● **Recorded data**:
+++

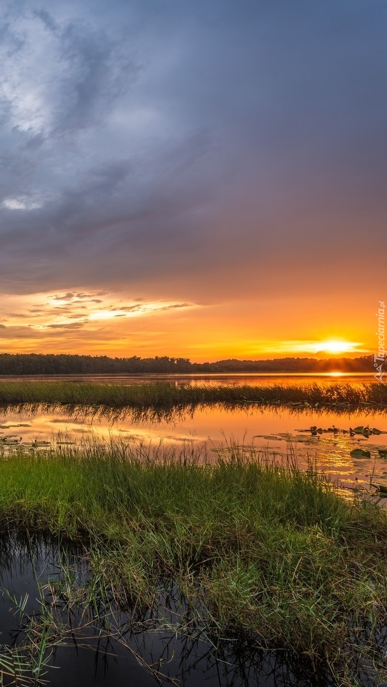 Edytor tapety: Zachód słońca nad porośniętym jeziorem
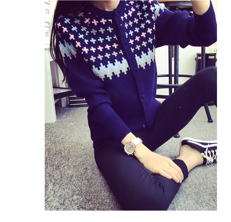 【服饰鞋包】新款秋装 韩版宽松单排扣圆领提花毛针织开衫 女装上衣薄外套
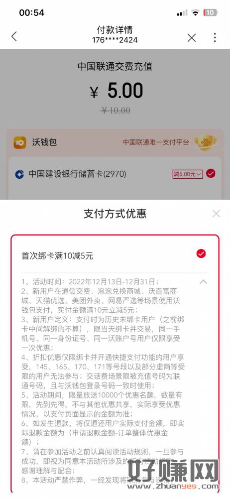 前段时间做过沃钱包35那个活动那个时间段注册的沃钱包去联通app冲话费选择沃钱包支付10减5共一万名额刚冲
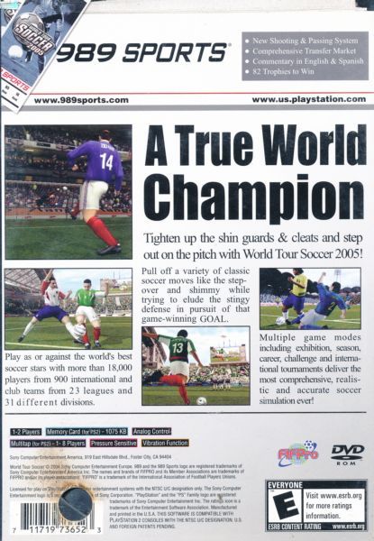 The World Tour Soccer series furthers the global soccer experience with its latest installment. World Tour Soccer 2005 now offers more than 900 international and league teams from around the globe--18,700 players from 30 divisions and 22 leagues, including classic teams, from the past. Guide a team through exhibition matches, entire seasons, careers, or single-player and multiplayer challenges. World Tour Soccer 2005 also features a new icon-passing system, detailed stadiums, and intuitive controls.World Tour Soccer 2005 captures the enormous size and popularity of what is truly the world's game. Multiple modes of play including Exhibition Match, Season, Career, and Challenge Mode give the sports gamer the opportunity to get in and play a quick game with a friend or battle it out in a grueling season where they'll have to manage player contracts, trades, salary caps and injuries. So the battle for victory will once again begin in stadiums filled with passionate fans as they support their team with electrifying chants while waving their club and country flags.

+++

● **Work order**: Reproduce every line above as written, skipping pictures.

● **Your response**:
 Edytor tapety: Zachód słońca nad porośniętym jeziorem
 【服饰鞋包】新款秋装 韩版宽松单排扣圆领提花毛针织开衫 女装上衣薄外套
 前段时间做过沃钱包35那个活动那个时间段注册的沃钱包去联通app冲话费选择沃钱包支付10减5共一万名额刚冲
 The World Tour Soccer series furthers the global soccer experience with its latest installment. World Tour Soccer 2005 now offers more than 900 international and league teams from around the globe--18,700 players from 30 divisions and 22 leagues, including classic teams, from the past. Guide a team through exhibition matches, entire seasons, careers, or single-player and multiplayer challenges. World Tour Soccer 2005 also features a new icon-passing system, detailed stadiums, and intuitive controls.World Tour Soccer 2005 captures the enormous size and popularity of what is truly the world's game. Multiple modes of play including Exhibition Match, Season, Career, and Challenge Mode give the sports gamer the opportunity to get in and play a quick game with a friend or battle it out in a grueling season where they'll have to manage player contracts, trades, salary caps and injuries. So the battle for victory will once again begin in stadiums filled with passionate fans as they support their team with electrifying chants while waving their club and country flags.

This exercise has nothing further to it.